> Raw data:
════════════════════
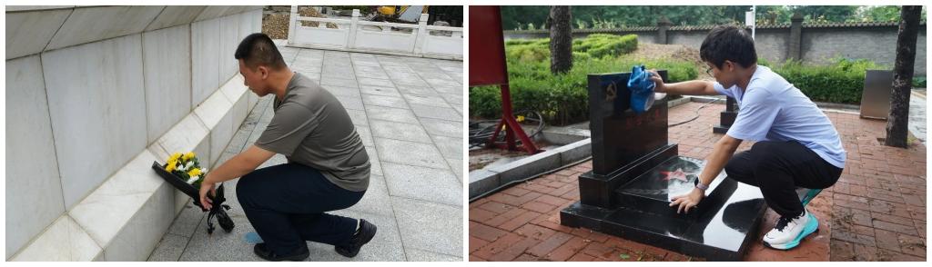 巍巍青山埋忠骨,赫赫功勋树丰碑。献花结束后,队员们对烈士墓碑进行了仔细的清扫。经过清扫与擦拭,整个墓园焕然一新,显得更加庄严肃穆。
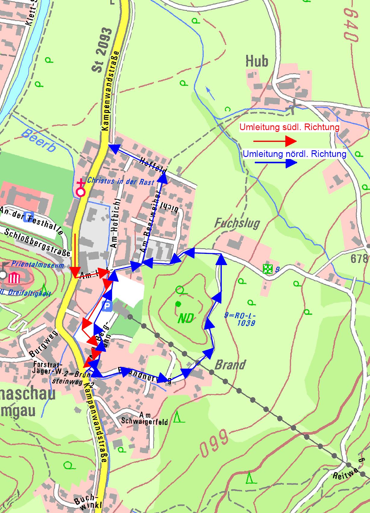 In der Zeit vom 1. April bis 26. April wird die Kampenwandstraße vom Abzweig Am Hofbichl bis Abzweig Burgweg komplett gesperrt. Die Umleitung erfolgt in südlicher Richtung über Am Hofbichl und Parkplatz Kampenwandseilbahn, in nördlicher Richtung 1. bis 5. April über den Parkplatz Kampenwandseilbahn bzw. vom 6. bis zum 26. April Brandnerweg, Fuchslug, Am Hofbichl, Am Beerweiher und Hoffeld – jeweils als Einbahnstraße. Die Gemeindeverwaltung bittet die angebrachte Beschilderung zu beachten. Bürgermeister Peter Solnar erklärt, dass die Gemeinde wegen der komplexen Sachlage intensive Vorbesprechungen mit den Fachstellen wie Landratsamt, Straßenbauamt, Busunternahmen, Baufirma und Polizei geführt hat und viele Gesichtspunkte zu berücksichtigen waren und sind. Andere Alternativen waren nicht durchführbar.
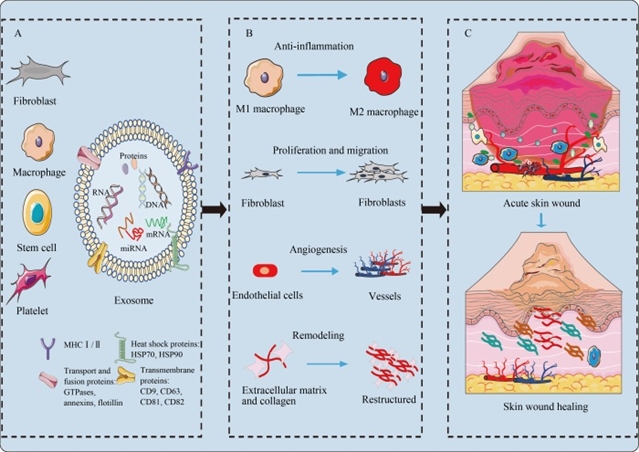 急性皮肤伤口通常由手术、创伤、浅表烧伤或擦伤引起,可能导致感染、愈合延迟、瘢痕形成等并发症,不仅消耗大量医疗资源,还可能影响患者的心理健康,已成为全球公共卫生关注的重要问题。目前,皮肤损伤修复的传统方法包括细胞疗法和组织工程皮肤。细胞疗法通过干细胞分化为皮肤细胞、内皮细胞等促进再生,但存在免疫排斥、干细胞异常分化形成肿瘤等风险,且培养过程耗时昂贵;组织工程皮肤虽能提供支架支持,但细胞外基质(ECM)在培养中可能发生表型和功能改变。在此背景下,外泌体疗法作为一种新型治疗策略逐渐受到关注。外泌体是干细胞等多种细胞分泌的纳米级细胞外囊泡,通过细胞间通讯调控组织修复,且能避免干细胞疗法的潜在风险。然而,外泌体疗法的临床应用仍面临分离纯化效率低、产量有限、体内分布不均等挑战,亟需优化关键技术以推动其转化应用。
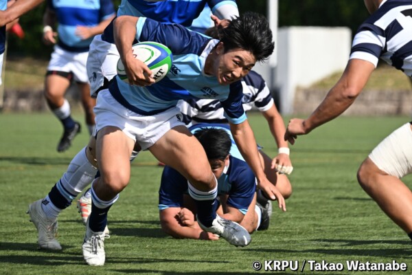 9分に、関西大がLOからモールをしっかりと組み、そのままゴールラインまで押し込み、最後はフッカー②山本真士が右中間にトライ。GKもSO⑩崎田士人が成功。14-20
════════════════════
> Directions for this task: Quote, please, every line of the material above from its start through the line that has "In der Zeit", reproducing the words exactly and dropping any images.

> Answer for the task:
 巍巍青山埋忠骨,赫赫功勋树丰碑。献花结束后,队员们对烈士墓碑进行了仔细的清扫。经过清扫与擦拭,整个墓园焕然一新,显得更加庄严肃穆。
 In der Zeit vom 1. April bis 26. April wird die Kampenwandstraße vom Abzweig Am Hofbichl bis Abzweig Burgweg komplett gesperrt. Die Umleitung erfolgt in südlicher Richtung über Am Hofbichl und Parkplatz Kampenwandseilbahn, in nördlicher Richtung 1. bis 5. April über den Parkplatz Kampenwandseilbahn bzw. vom 6. bis zum 26. April Brandnerweg, Fuchslug, Am Hofbichl, Am Beerweiher und Hoffeld – jeweils als Einbahnstraße. Die Gemeindeverwaltung bittet die angebrachte Beschilderung zu beachten. Bürgermeister Peter Solnar erklärt, dass die Gemeinde wegen der komplexen Sachlage intensive Vorbesprechungen mit den Fachstellen wie Landratsamt, Straßenbauamt, Busunternahmen, Baufirma und Polizei geführt hat und viele Gesichtspunkte zu berücksichtigen waren und sind. Andere Alternativen waren nicht durchführbar.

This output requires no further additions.